People: Astrobiology Faculty

Joshua Bandfield
Earth & Space Sciences

I am interested in the development of planetary crusts and surfaces. This includes characterizing the workings of various planet-scale systems to build a framework for understanding the geologic processes that are dominant on Mars and the Moon. On Earth, the overarching paradigm of plate tectonics and the nearly ubiquitous presence of water dominate much of what is observed. What specific geologic processes are dominant and what resulting compositions and landforms are created on planets without plate tectonics and where liquid water is no longer stable?

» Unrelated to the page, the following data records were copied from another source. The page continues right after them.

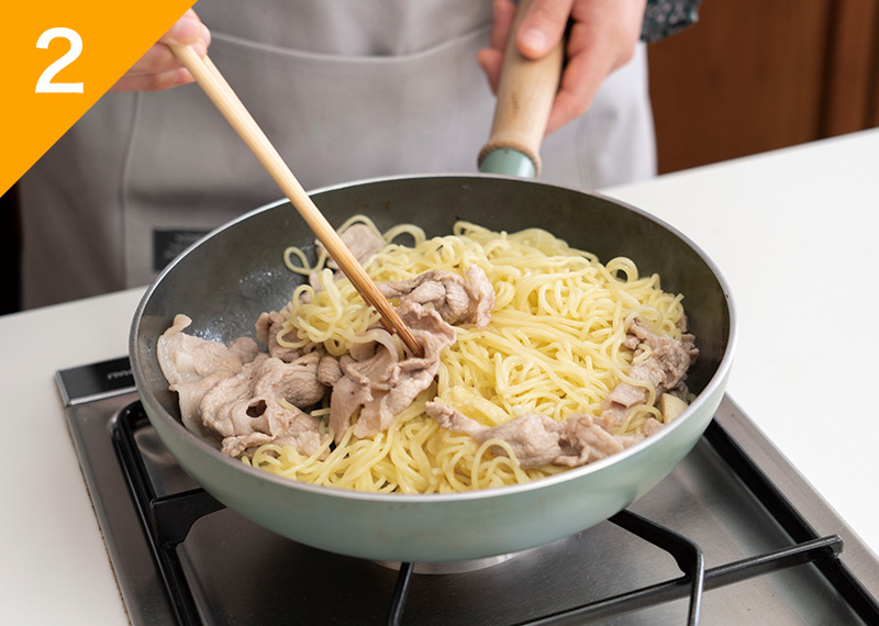 豚肉の色が変わったら中華麺、塩糀、水の順に加えて麺をほぐすように炒める。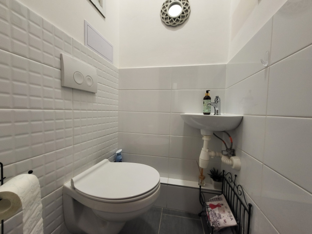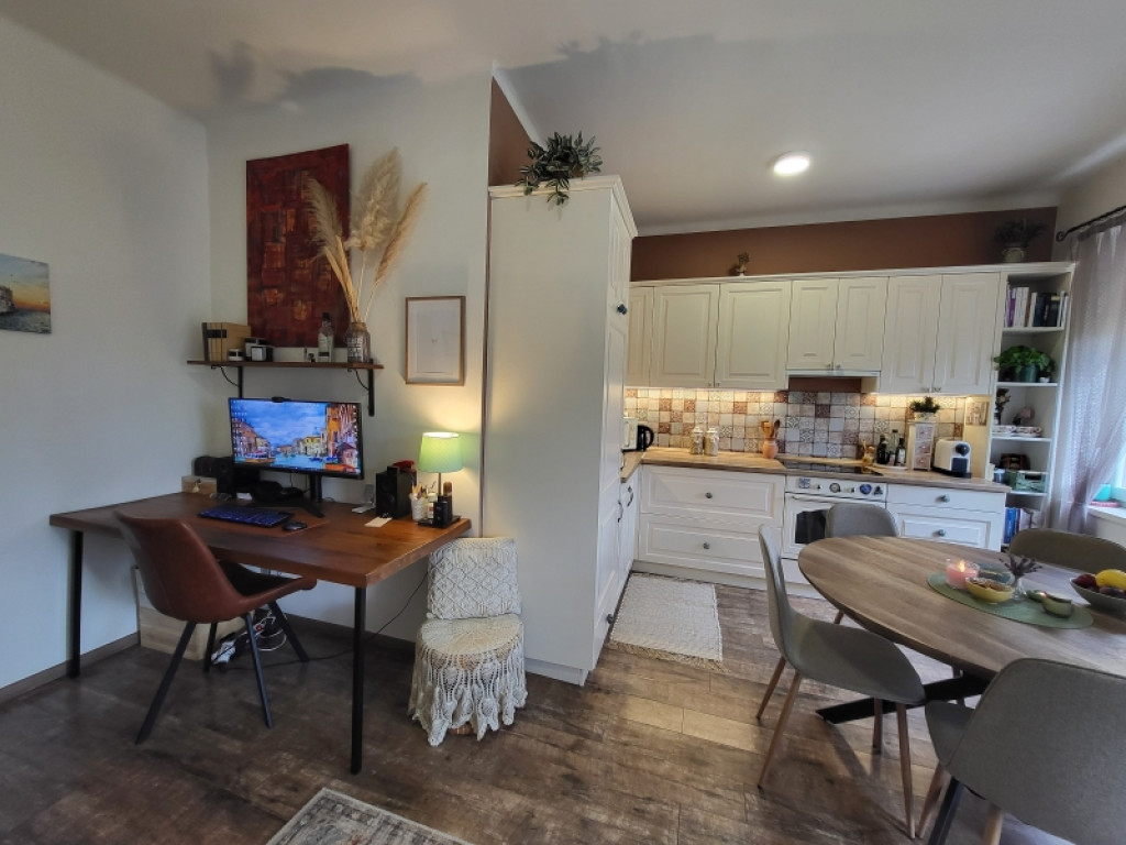 A konyha egyedileg készített, tömör fából készült bútorzatot kapott, amely beépített sütővel, főzőlappal és hűtővel gépesített. A lakás vételára részben tartalmazza a bútorokat, de igény esetén a berendezés megegyezés tárgyát képezi.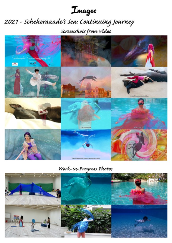 Scheherazade’s Sea: continuing journey, 2021, was the final installation in the Scheherazade’s Sea series. Departing from my previous solo performances / singular executions, this 2021 work featured a cast of artists with different disabilities, at varying stages of their artistic journeys, bringing together professional, emerging and amateur artists. The role of Scheherazade was performed by blind artist, Claire Teo, the first time this role was played by anyone other than myself. Scheherazade’s Sea: continuing journey, combined more complex digital work than previously, blended with recorded ‘live’ performance. It was presented online due to remaining Covid19 restrictions on large gatherings, and in consideration of the artists’ disabilities and compromised immunities. This work was supported by a Creation Grant from the National Arts Council, with creative collaborator ART:DIS Singapore and venue partner Tzu Chi Humanistic Youth Centre. The ‘live’ recorded segments were directed by Peter Sau, Head of Performing Arts and Artistic Development, ART:DIS. It was the first time in Singapore an Autistic artist with accompanying disabilities was awarded a mainstream grant by the NAC, not specific to “arts and disabilities.”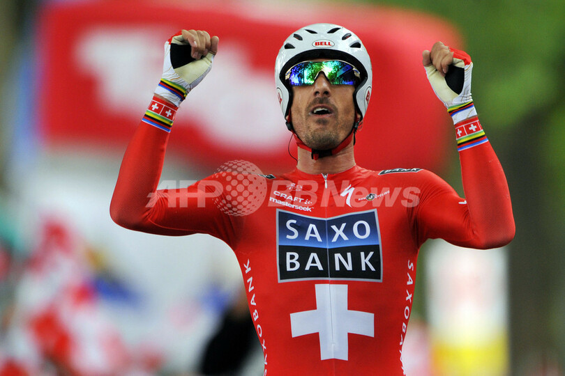 【6月22日 AFP】第73回ツール・ド・スイス(73rd Tour de Suisse)第9ステージ(ベルン、38.5キロメートル個人タイムトライアル)。第8ステージを終えて総合2位につけていたチームサクソバンク(Team Saxo Bank)のファビアン・カンチェラーラ(Fabian Cancellara、スイス)が、45分59秒でステージ優勝し、合計タイムを33時間05分51秒として逆転で総合優勝を果たした。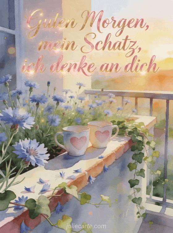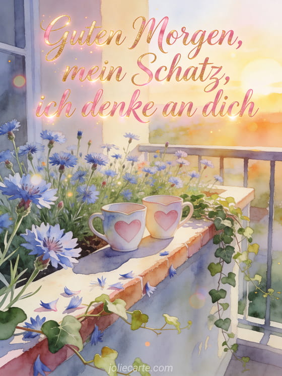 Sende eine zärtliche Guten-Morgen-Karte mit roségoldenem Aquarellschriftzug, einem Balkongarten bei Sonnenaufgang, Kornblumen, Efeu und zwei herzförmigen Keramikbechern. Entdecke auch eine Guten-Morgen-Nachricht an einen Freund, eine Guten-Morgen-Nachricht für den Morgen oder animierte Guten-Morgen-Karten.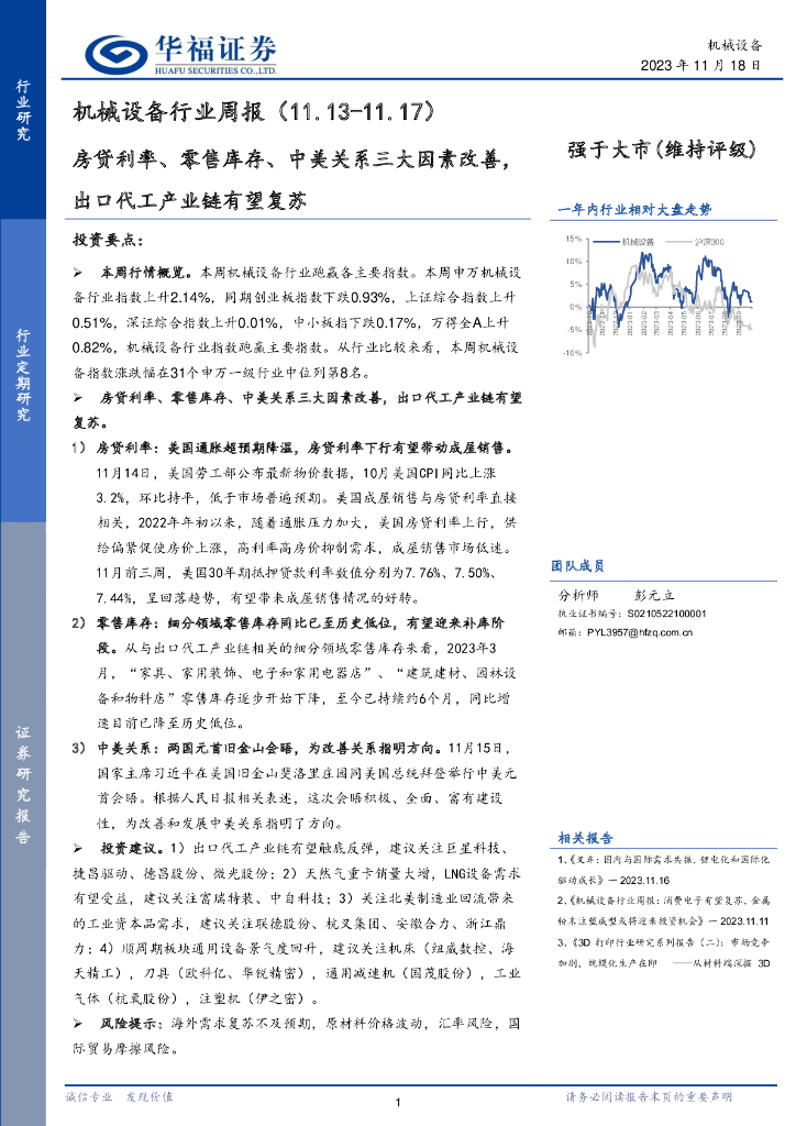 华福证券:机械设备行业周报:房贷利率、零售库存、中美关系三大因素改善,出口代工产业链有望复苏.pdf

From an astrobiology perspective, I use infrared spectroscopic and imaging datasets to identify the locations and timing of extended periods of liquid water on the Martian surface and in the subsurface. Spectroscopic evidence of water related minerals on the Martian surface indicates that liquid water was present for extended periods of time and that the energy required for such chemical reactions to take place was also available for life to harness. I also use temperature data to characterize near surface water ice deposits at Martian high latitudes in order to better understand the current global water cycle. These are key goals of NASA's Astrobiology and Mars Exploration programs.

I have participated in the following spacecraft instrument investigations as the core focus of my research:

• Mars Global Surveyor Thermal Emission Spectrometer
• 2001 Mars Odyssey Thermal Emission Imaging System
• Mars Exploration Rovers Miniature Thermal Emission Spectrometer
• Mars Reconnaissance Orbiter Mars Climate Sounder
• Lunar Reconnaissance Orbiter Diviner Radiometer

Publications

Bandfield, J.L., V.E. Hamilton, P.R. Christensen, A Global View of Martian Surface Compositions From MGS-TES, Science, 287, 1626-1630, 2000.

Bandfield, J.L., T.D. Glotch, P.R. Christensen, Spectroscopic Identification of Carbonate Minerals in the Martian Dust, Science, 301, 1084-1087, 2003.

Bandfield, J.L., High Resolution Subsurface Water Ice Distributions on Mars, Nature, 0.1038/nature05781, 2007.

Bandfield, J.L., A.D. Rogers, Olivine dissolution by acidic fluids in Argyre Planitia, Mars: Evidence for a widespread process?, Geology, 10.1130/G24724A.1, 2008.